▶ What to produce
What is needed is a word-for-word copy of the lines below from the one with "Atrévete y sube" through the one with "The edible image", both included, with every picture left out.

▶ Stored items from a collection
_ _ _ _

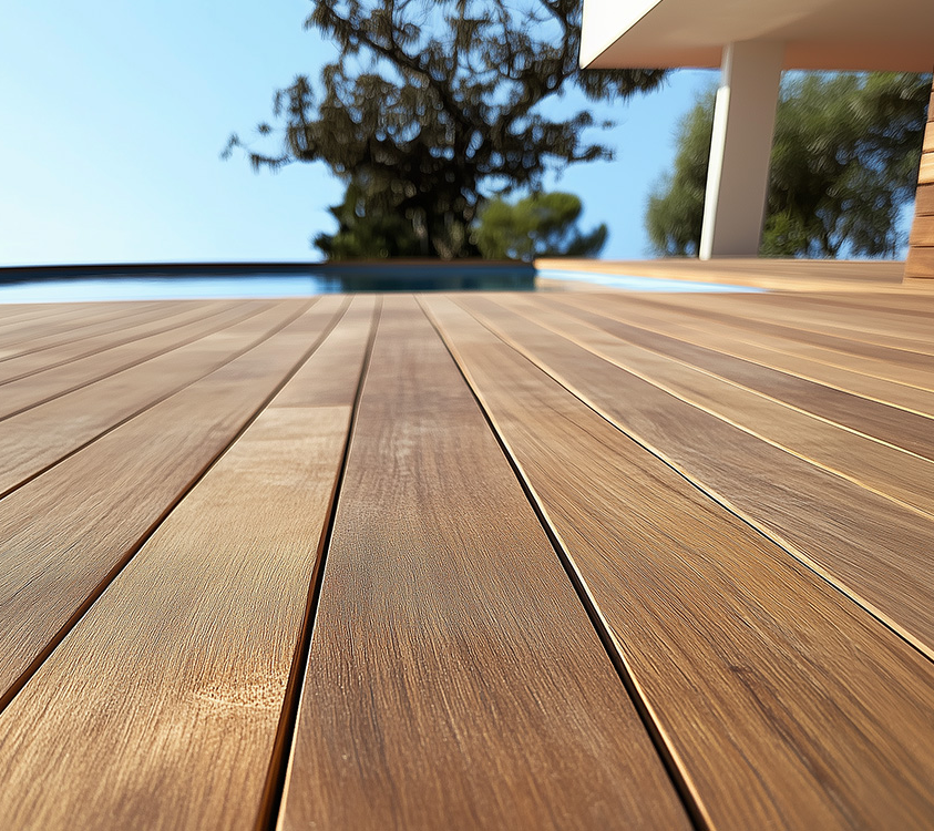 Optisch zeigt Ipe eine feine, dichte Struktur mit einer eleganten Maserung. Die Farbgebung reicht von warmen Braun- und Olivtönen bis hin zu dunkleren Nuancen und verleiht jeder Terrasse einen individuellen Charakter. Die beidseitig glatt gehobelte Oberfläche sorgt für ein ruhiges, gleichmäßiges Flächenbild mit parkettähnlicher Anmutung. Beide Seiten können bei der Verlegung als Sichtseite genutzt werden, was zusätzliche Flexibilität bietet.
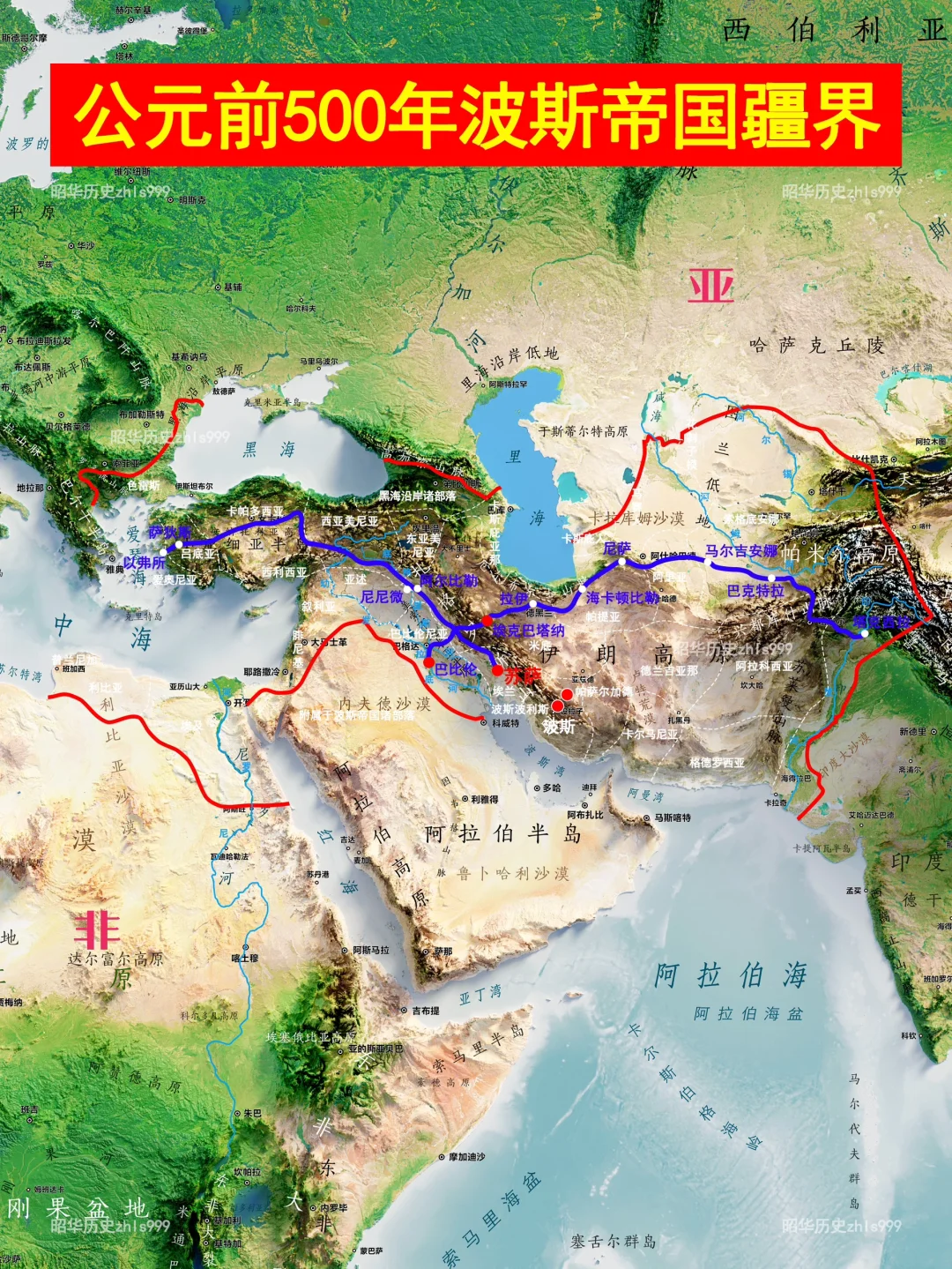 [三R]丝绸之路西段主干道:从巴比伦出发,穿越伊朗高原,经过欧皮斯、贝希斯敦悬崖等地,最终到达印度河流域的塔克西拉。这条道路在后世被称为呼罗珊大道。
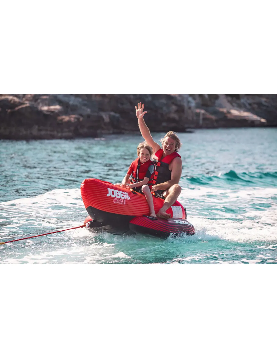 Atrévete y sube al Chaser de Jobe para 3 personas y pasa el mejor rato de tu vida. En este remolcador podrás montar con amigos o familiares. Su resistente cubierta de nylon 840 con doble costura protege la base de PVC de calibre 28 y el tubo para que no se dañen.
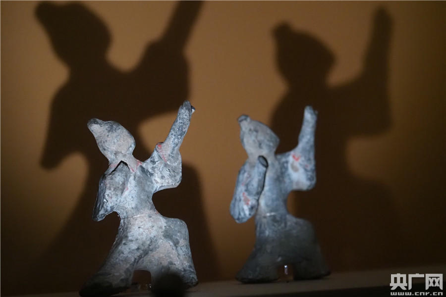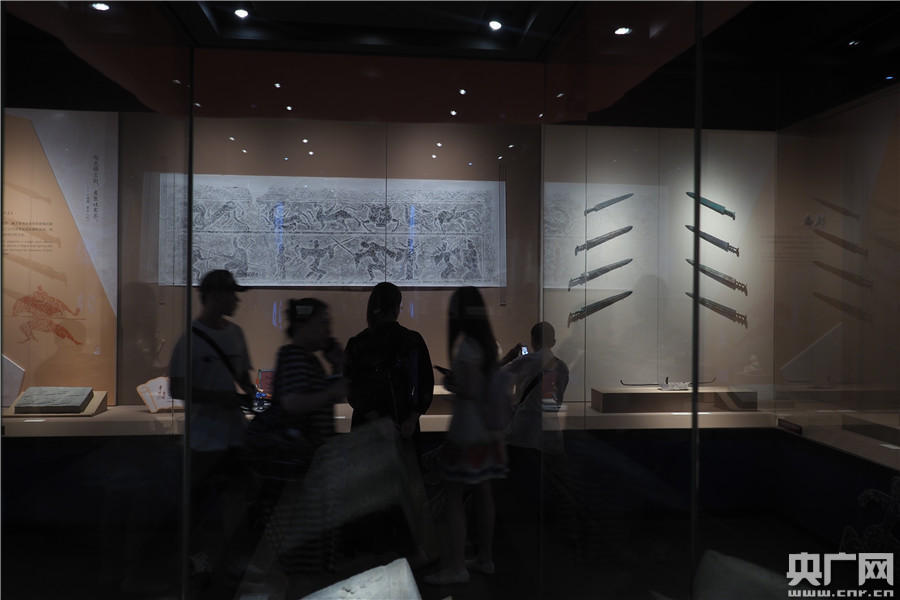 展覽第一單元“武——長(zhǎng)劍斷流星”由射術(shù)、御術(shù)、技擊、手搏與斗獸等展示內(nèi)容構(gòu)成。第二單元“戲——百戲起龍魚”則進(jìn)一步展示了漢晉時(shí)期的游藝活動(dòng)與文化風(fēng)尚。
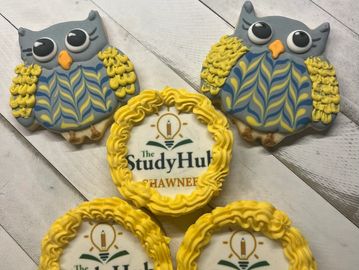 The edible image above (Study Hub of Shawnee) is made with icing sheets. Icing sheets come in 8" x 11" sheets. Images will be printed on the icing sheets with special edible ink. Please inquire for pricing.
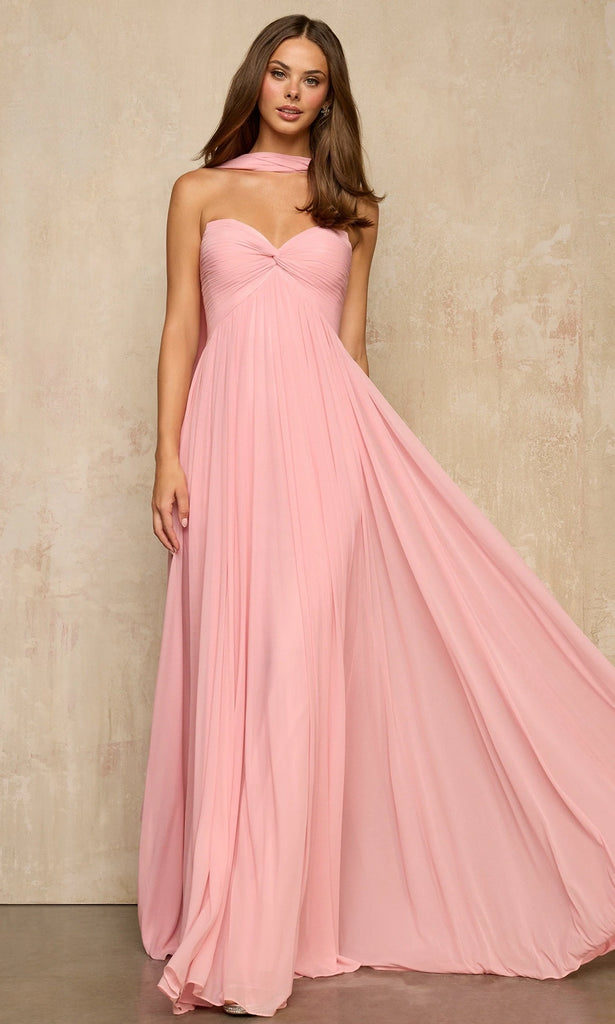 Sherri Hill 57942 channels graceful simplicity with its soft lines and gentle drape. With a strapless sweetheart neckline and delicately twisted, ruched bust detailing, the silhouette appears effortlessly lengthened and flattering. A coordinating scarf drapes delicately, enhancing the gown romantic aesthetic. Its A-line skirt moves effortlessly, offering lightness and poise in motion. Designed for women who appreciate refined style, Sherri Hill 57942 delivers timeless sophistication with an airy, graceful finish. Model is wearing Light Pink color.
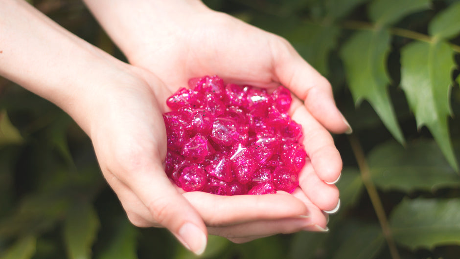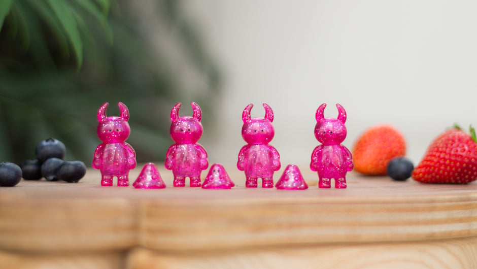 クリアピンク成型にラメが入ったフランボワーズ色のミニUAMOUとミニおばけちゃん。

_ _ _ _

▶ Task solution
 Atrévete y sube al Chaser de Jobe para 3 personas y pasa el mejor rato de tu vida. En este remolcador podrás montar con amigos o familiares. Su resistente cubierta de nylon 840 con doble costura protege la base de PVC de calibre 28 y el tubo para que no se dañen.
 展覽第一單元“武——長(zhǎng)劍斷流星”由射術(shù)、御術(shù)、技擊、手搏與斗獸等展示內(nèi)容構(gòu)成。第二單元“戲——百戲起龍魚”則進(jìn)一步展示了漢晉時(shí)期的游藝活動(dòng)與文化風(fēng)尚。
 The edible image above (Study Hub of Shawnee) is made with icing sheets. Icing sheets come in 8" x 11" sheets. Images will be printed on the icing sheets with special edible ink. Please inquire for pricing.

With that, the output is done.